EL SEGUNDO, Calif.--(BUSINESS WIRE)--NantKwest, Inc. (Nasdaq: NK), a clinical-stage, natural killer cell-based therapeutics company, today announced the pricing of an underwritten public offering of an aggregate of 7,410,000 shares of its common stock (3,700,000 shares at a price to the public of $9.50 per share and 3,710,000 shares at a price of $12.12 per share to NantKwest’s chairman, chief executive officer and principal stockholder, Dr. Patrick Soon-Shiong). The aggregate gross proceeds from the offering are expected to be approximately $80.1 million, before deducting the underwriting discounts and commissions and offering expenses payable by NantKwest. NantKwest intends to use the net proceeds of the offering for clinical development, manufacturing, upgrades to its facilities and equipment, and for working capital, capital expenditures and other general corporate purposes. All of the shares are being offered by NantKwest. The offering is expected to close on or about June 29, 2020, subject to customary closing conditions. In addition, NantKwest has granted to the underwriters of the offering a 30-day option to purchase up to an additional 1,111,500 shares of common stock at the public offering price of $9.50 per share, less the underwriting discounts and commissions.
Piper Sandler & Co. is acting as the sole book-running manager for the offering. LifeSci Capital is acting as co-manager for the offering.
A shelf registration statement on Form S-3 relating to the common stock offered in the public offering described above was filed with the Securities and Exchange Commission (SEC) on August 23, 2019 and declared effective by the SEC on September 3, 2019. The offering is being made only by means of a prospectus supplement and accompanying prospectus that form a part of the registration statement. A final prospectus supplement and accompanying prospectus relating to the offering will be filed with the SEC and will be available on the SEC’s website at www.sec.gov. Copies of the final prospectus supplement and accompanying prospectus relating to the offering, when available, may also be obtained from Piper Sandler & Co., Attention: Prospectus Department, 800 Nicollet Mall, J12S03, Minneapolis, MN 55402, via telephone at (800) 747-3924 or via email at email@example.com.

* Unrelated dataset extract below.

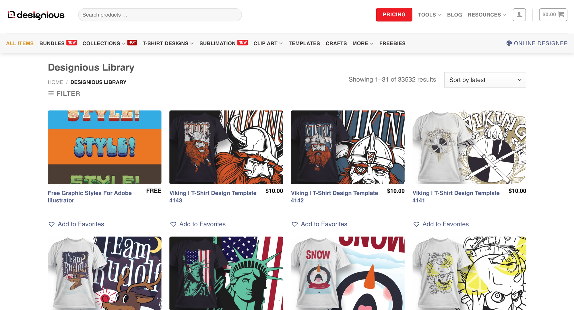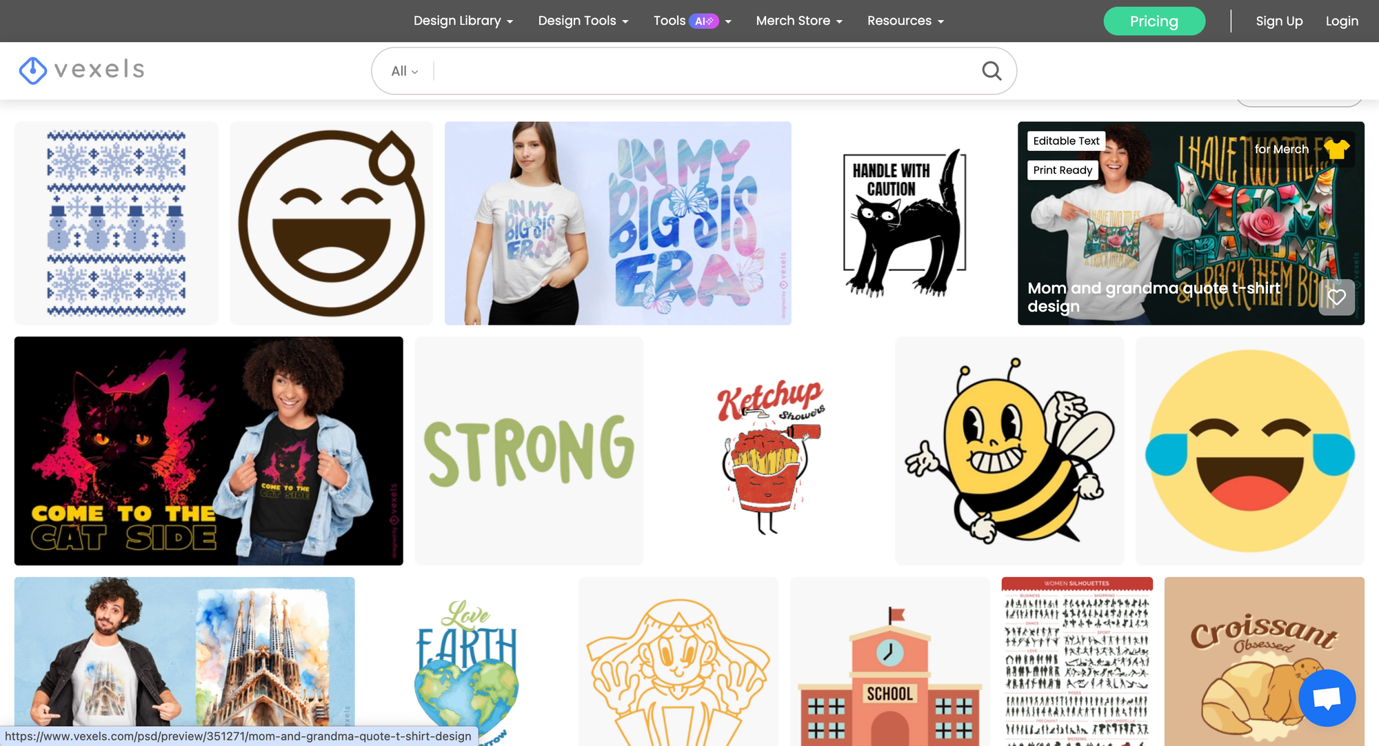 Vexels пропонує готові дизайни для товарів з фірмовим логотипом або символікою, які сумісні з Etsy, Redbubble, Merch by Amazon, Zazzle та іншими. На сайті Vexels також можна знайти тисячі векторних ілюстрацій, які можна шукати за ключовими словами та фільтрувати по ніші. Ціни починаються від $7,50 за 100 завантажень на місяць.

This press release shall not constitute an offer to sell or the solicitation of an offer to buy the securities being offered, nor shall there be any sale of the securities being offered in any state or other jurisdiction in which such offer, solicitation or sale would be unlawful prior to the registration or qualification under the securities laws of any such state or other jurisdiction.
This press release contains forward-looking statements within the meaning of the Private Securities Litigation Reform Act of 1995. Forward-looking statements include statements regarding NantKwest’s expectations with respect to the completion, timing and size of the public offering, the expected gross proceeds from the public offering, and the anticipated use of the net proceeds from the proposed offering. Risks and uncertainties related to these endeavors include, but are not limited to, risks and uncertainties associated with market conditions and the satisfaction of customary closing conditions related to the public offering.
Forward-looking statements are based on management’s current expectations and are subject to various risks and uncertainties that could cause actual results to differ materially and adversely from those expressed or implied by such forward-looking statements. Accordingly, these forward-looking statements do not constitute guarantees of future performance, and you are cautioned not to place undue reliance on these forward-looking statements.
These and other risks regarding NantKwest’s business are described in detail in its SEC filings, including in NantKwest’s Current Report on Form 8-K filed on June 24, 2020. These forward-looking statements speak only as of the date hereof, and we disclaim any obligation to update these statements except as may be required by law.